**What is required**.
Only an exact repetition of the lines from the one holding "ve Adana Jandarma" to the end of the data is wanted, with pictures left out.

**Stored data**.
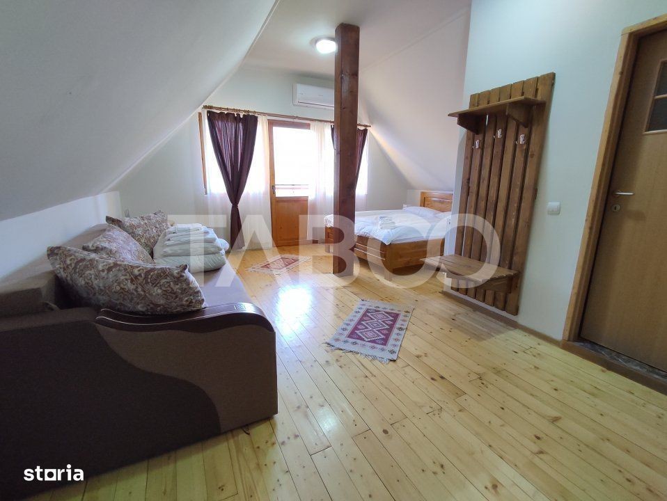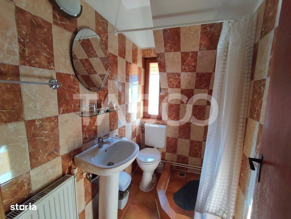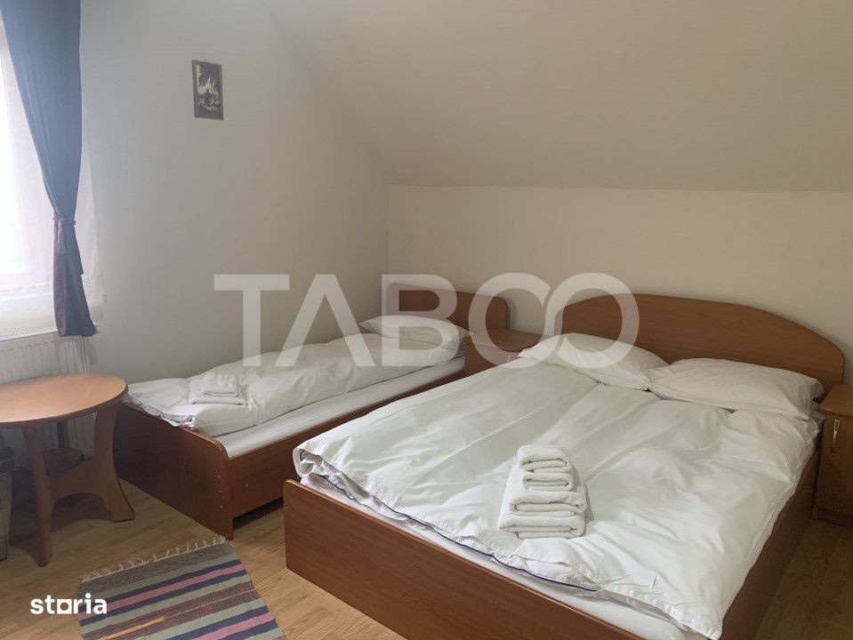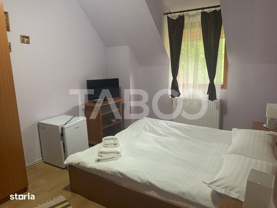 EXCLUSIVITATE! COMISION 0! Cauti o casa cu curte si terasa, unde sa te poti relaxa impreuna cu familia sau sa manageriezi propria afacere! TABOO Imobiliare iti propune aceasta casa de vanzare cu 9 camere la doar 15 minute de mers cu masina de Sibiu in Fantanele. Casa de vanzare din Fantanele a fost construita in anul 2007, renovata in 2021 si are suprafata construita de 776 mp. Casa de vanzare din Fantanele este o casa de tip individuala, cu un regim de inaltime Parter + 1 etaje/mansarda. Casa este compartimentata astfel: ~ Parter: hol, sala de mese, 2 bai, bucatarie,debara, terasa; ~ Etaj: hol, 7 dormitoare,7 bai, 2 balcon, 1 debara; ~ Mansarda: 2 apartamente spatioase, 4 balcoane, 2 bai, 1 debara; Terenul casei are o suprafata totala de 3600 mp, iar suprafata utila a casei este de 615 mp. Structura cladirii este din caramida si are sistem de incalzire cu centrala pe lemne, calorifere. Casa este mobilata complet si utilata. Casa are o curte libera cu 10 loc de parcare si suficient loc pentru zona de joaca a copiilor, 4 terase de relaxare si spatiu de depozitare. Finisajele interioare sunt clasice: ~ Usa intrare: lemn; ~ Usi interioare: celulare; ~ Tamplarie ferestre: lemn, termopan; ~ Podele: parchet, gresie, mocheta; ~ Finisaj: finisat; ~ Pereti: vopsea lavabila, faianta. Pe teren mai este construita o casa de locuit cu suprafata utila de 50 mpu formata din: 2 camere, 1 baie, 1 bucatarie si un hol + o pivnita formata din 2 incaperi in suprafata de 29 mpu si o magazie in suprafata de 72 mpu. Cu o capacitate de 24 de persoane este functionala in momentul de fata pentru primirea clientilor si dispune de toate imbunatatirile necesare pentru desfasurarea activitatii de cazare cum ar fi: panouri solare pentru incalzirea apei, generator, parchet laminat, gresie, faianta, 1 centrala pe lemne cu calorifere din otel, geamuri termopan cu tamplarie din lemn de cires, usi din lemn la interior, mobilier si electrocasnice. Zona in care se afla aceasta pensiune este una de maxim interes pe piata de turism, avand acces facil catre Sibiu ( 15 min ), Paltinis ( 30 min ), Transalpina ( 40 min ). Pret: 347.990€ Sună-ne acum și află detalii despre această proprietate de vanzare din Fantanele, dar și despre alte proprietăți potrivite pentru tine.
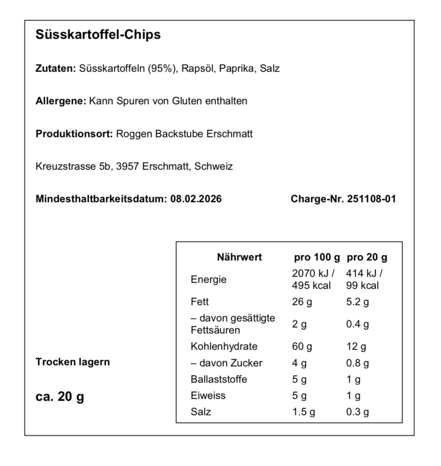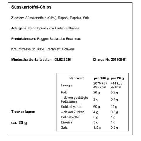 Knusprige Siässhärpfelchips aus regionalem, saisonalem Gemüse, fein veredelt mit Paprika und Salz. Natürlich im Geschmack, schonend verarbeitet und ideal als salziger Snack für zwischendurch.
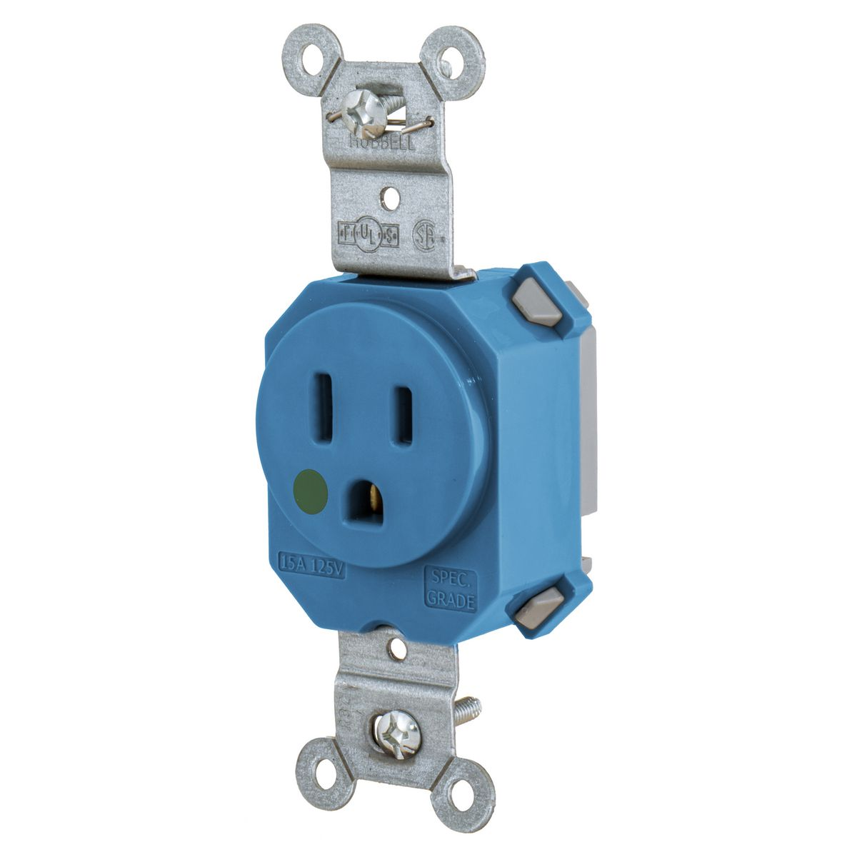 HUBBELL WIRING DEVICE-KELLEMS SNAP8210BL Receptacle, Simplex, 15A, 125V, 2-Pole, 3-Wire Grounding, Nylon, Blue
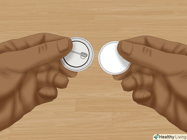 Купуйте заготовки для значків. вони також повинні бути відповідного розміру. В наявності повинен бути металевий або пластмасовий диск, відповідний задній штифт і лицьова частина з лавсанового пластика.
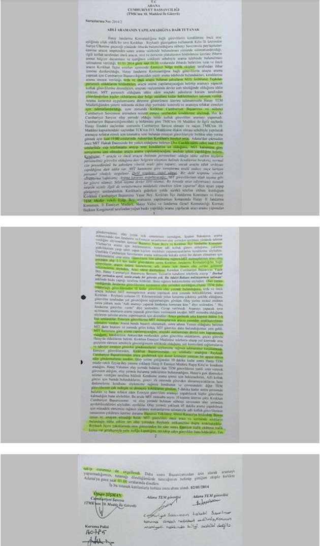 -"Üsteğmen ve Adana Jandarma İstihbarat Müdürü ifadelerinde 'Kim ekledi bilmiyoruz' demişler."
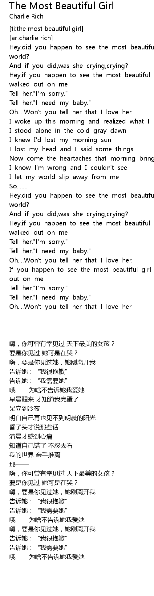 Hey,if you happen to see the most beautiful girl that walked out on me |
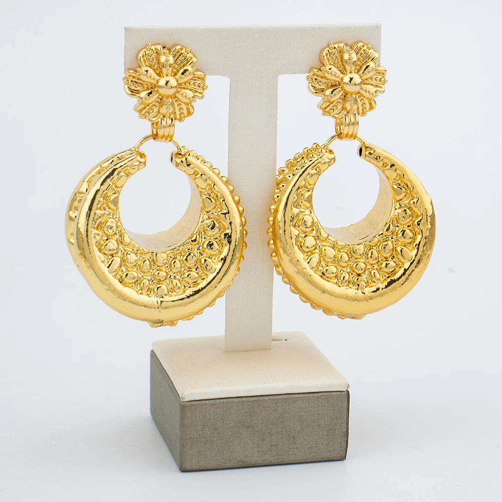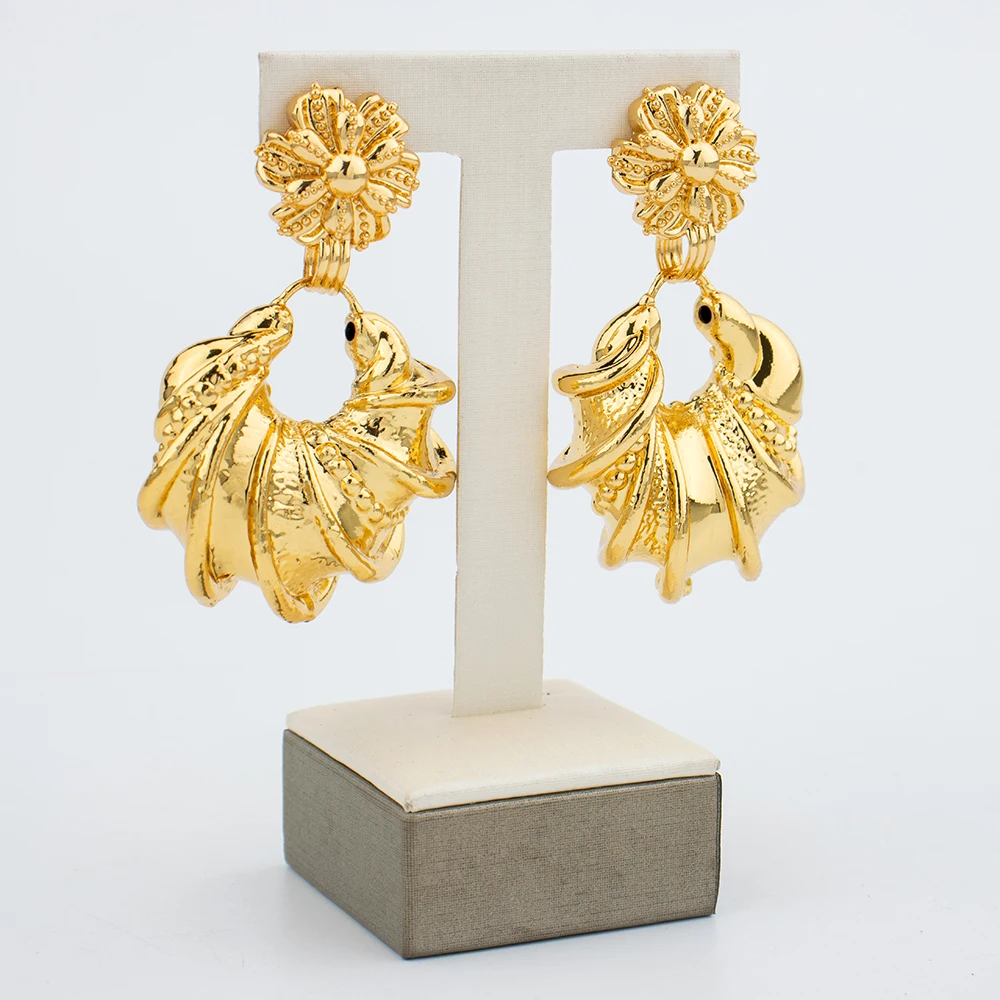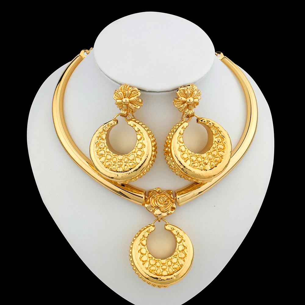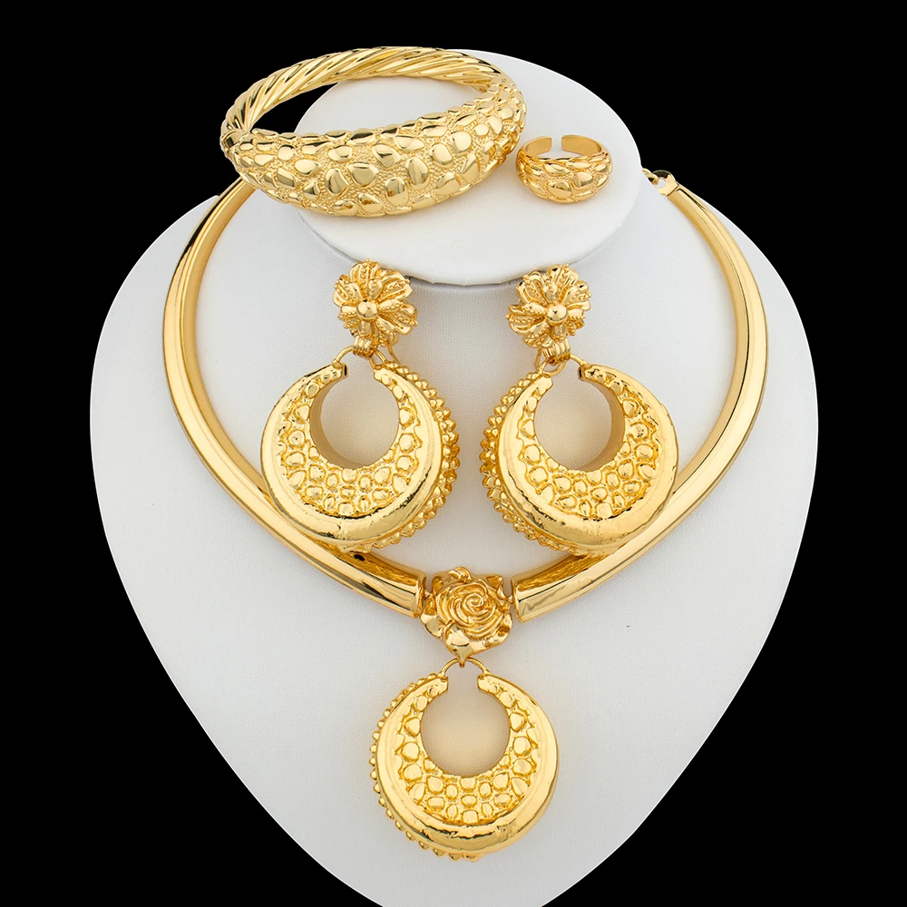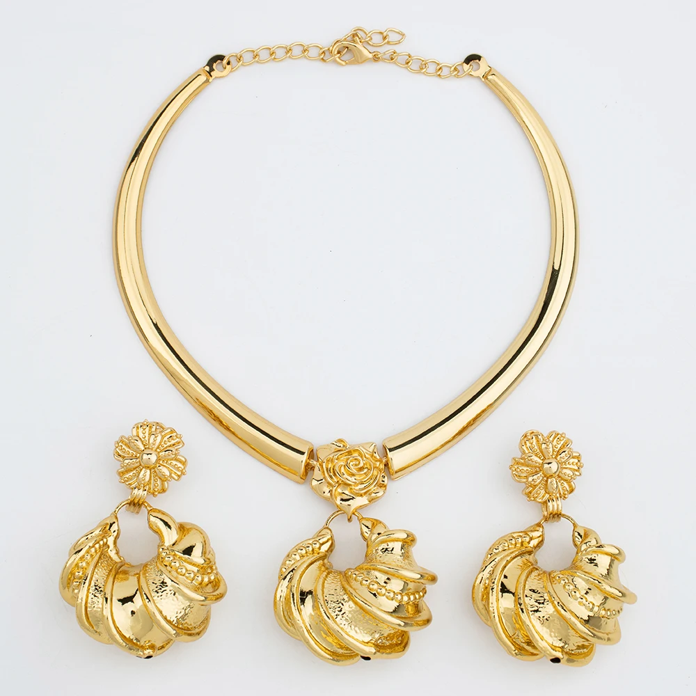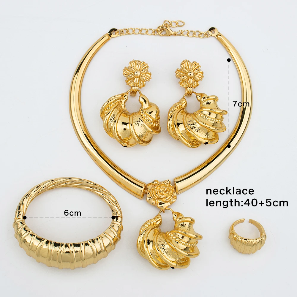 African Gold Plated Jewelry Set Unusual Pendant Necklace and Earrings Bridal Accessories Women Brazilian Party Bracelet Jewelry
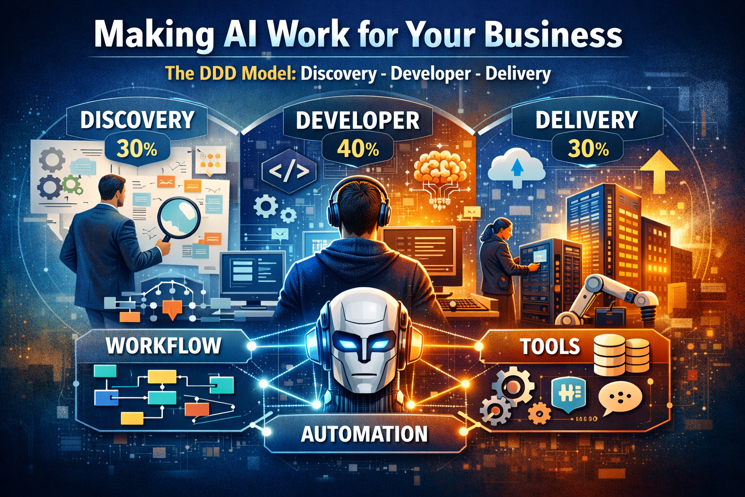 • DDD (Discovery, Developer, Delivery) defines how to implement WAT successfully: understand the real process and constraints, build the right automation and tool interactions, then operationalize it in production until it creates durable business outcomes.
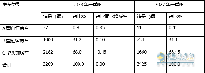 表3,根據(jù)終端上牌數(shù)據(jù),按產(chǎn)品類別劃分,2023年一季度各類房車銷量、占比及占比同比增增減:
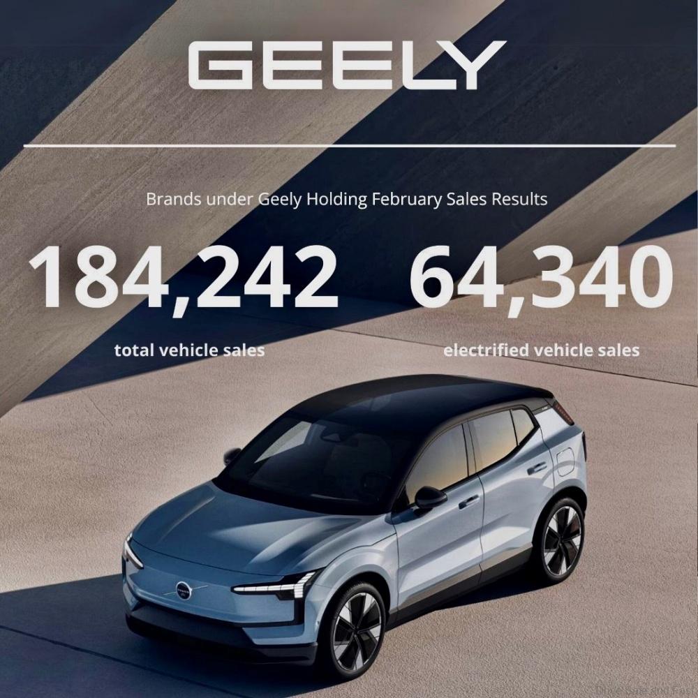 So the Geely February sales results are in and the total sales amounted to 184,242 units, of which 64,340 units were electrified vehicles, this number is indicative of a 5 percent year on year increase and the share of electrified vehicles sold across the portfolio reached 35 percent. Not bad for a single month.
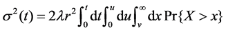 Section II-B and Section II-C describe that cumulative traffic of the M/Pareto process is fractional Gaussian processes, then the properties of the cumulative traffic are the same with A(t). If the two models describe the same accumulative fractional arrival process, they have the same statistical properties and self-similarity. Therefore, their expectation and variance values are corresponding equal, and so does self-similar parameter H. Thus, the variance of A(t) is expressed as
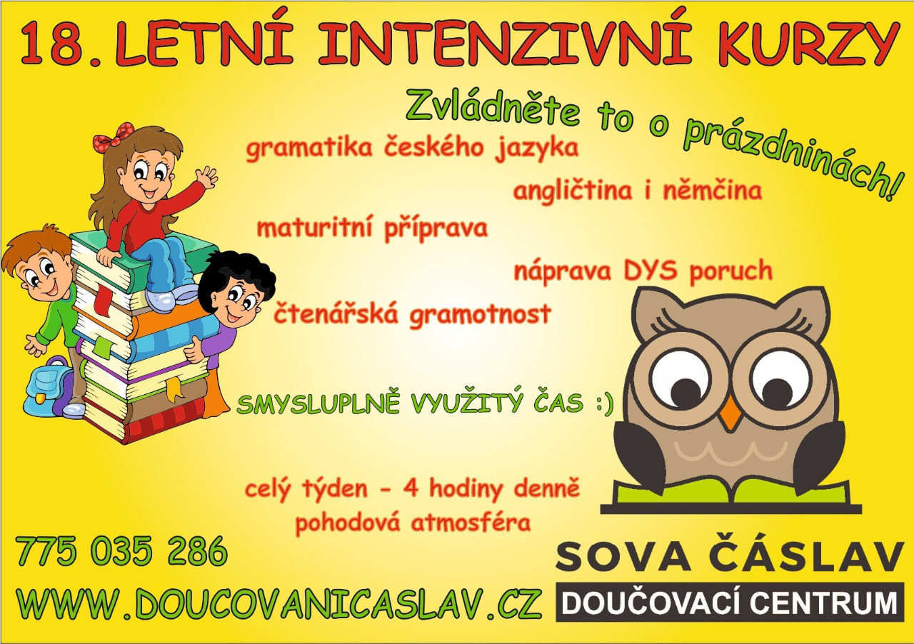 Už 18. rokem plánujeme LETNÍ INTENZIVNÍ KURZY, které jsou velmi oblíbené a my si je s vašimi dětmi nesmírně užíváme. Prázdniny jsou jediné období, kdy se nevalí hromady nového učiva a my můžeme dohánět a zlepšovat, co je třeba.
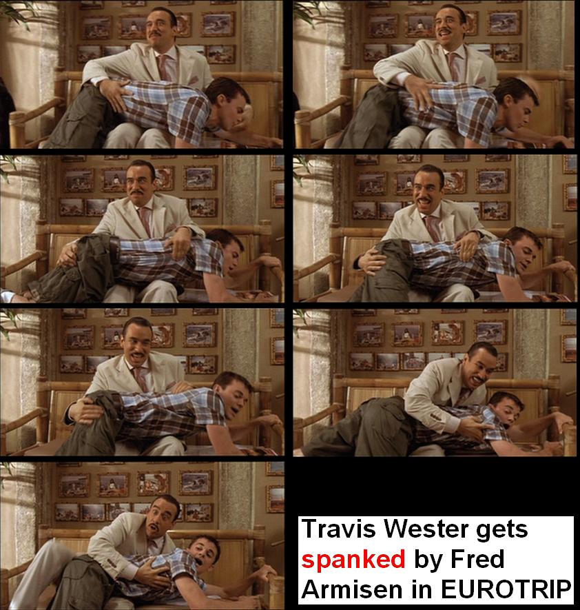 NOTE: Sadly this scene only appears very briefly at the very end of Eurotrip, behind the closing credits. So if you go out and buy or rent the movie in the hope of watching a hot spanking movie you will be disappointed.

**Expected output**.
 -"Üsteğmen ve Adana Jandarma İstihbarat Müdürü ifadelerinde 'Kim ekledi bilmiyoruz' demişler."
 Hey,if you happen to see the most beautiful girl that walked out on me |
 African Gold Plated Jewelry Set Unusual Pendant Necklace and Earrings Bridal Accessories Women Brazilian Party Bracelet Jewelry
 • DDD (Discovery, Developer, Delivery) defines how to implement WAT successfully: understand the real process and constraints, build the right automation and tool interactions, then operationalize it in production until it creates durable business outcomes.
 表3,根據(jù)終端上牌數(shù)據(jù),按產(chǎn)品類別劃分,2023年一季度各類房車銷量、占比及占比同比增增減:
 So the Geely February sales results are in and the total sales amounted to 184,242 units, of which 64,340 units were electrified vehicles, this number is indicative of a 5 percent year on year increase and the share of electrified vehicles sold across the portfolio reached 35 percent. Not bad for a single month.
 Section II-B and Section II-C describe that cumulative traffic of the M/Pareto process is fractional Gaussian processes, then the properties of the cumulative traffic are the same with A(t). If the two models describe the same accumulative fractional arrival process, they have the same statistical properties and self-similarity. Therefore, their expectation and variance values are corresponding equal, and so does self-similar parameter H. Thus, the variance of A(t) is expressed as
 Už 18. rokem plánujeme LETNÍ INTENZIVNÍ KURZY, které jsou velmi oblíbené a my si je s vašimi dětmi nesmírně užíváme. Prázdniny jsou jediné období, kdy se nevalí hromady nového učiva a my můžeme dohánět a zlepšovat, co je třeba.
 NOTE: Sadly this scene only appears very briefly at the very end of Eurotrip, behind the closing credits. So if you go out and buy or rent the movie in the hope of watching a hot spanking movie you will be disappointed.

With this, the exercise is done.